Despite their remarkable resistance to environmental change slowing their decline, our tardigrade-like species still could not survive co-extinctions. In fact, the transition from the state of complete tardigrade persistence to their complete extinction (in the co-extinction scenario) was abrupt, and happened far from their tolerance limits, and close to global diversity collapse (around 5 °C of heating or cooling; Fig. 1). This suggests that environmental change could promote simultaneous collapses in trophic guilds when they reach critical thresholds of environmental change. When these critical environmental conditions are breached, even the most resilient organisms are still susceptible to rapid extinction because they depend, in part, on the presence of and interactions among many other species.

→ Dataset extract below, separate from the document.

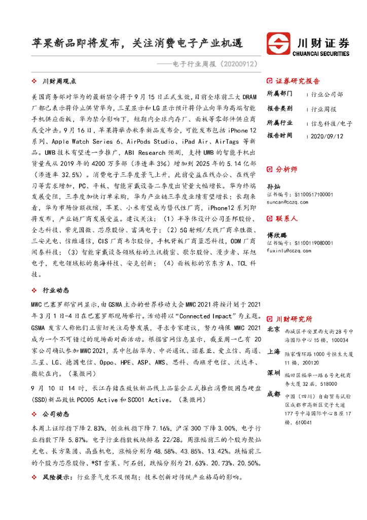 川财证券:电子行业周报:苹果新品即将发布,关注消费电子产业机遇.pdf
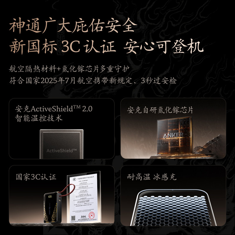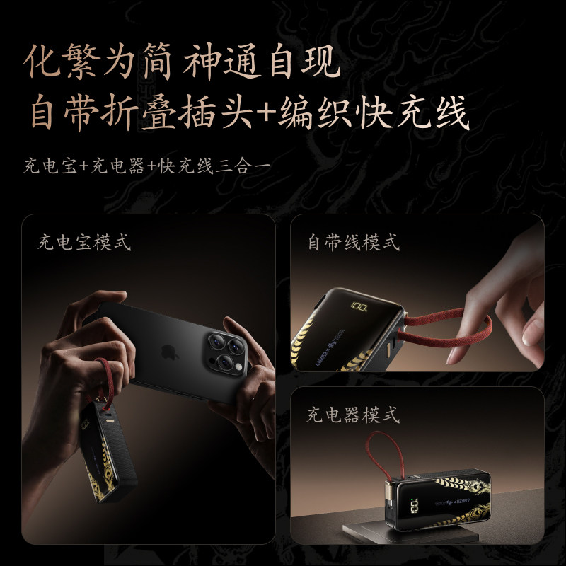 ANKER安克黑神话悟空联名款 三合一任逍遥充电宝带插头自带线移动电源3C认证可上飞机高铁快充适配苹果17手机

It would be unrealistic to expect life on Earth to be able to keep up, as seen in Rates of Projected Climate Change:

Our results are striking: matching projected changes for 2100 would require rates of niche evolution that are >10,000 times faster than rates typically observed among species, for most variables and clades. Despite many caveats, our results suggest that adaptation to projected changes in the next 100 years would require rates that are largely unprecedented based on observed rates among vertebrate species.

Going Forward

What this culminates to is a clear disconnect in what is understood in the literature and what is being described as a timeline by various sources. These feedbacks have been established for a decade or more and are ignored in IPCC (among others') timelines and models.

How can one assume we can continue on this path until 2030,2050,2100? How could this possibly be?

We need to act now or humans and the global ecosystem alike will suffer for it.

Benedict_ARNY on July 4th, 2019 at 15:03 UTC »

I wish America would just say they are for saving the earth and then ignore their own regulations like Europe. Then we could all contribute to positive change.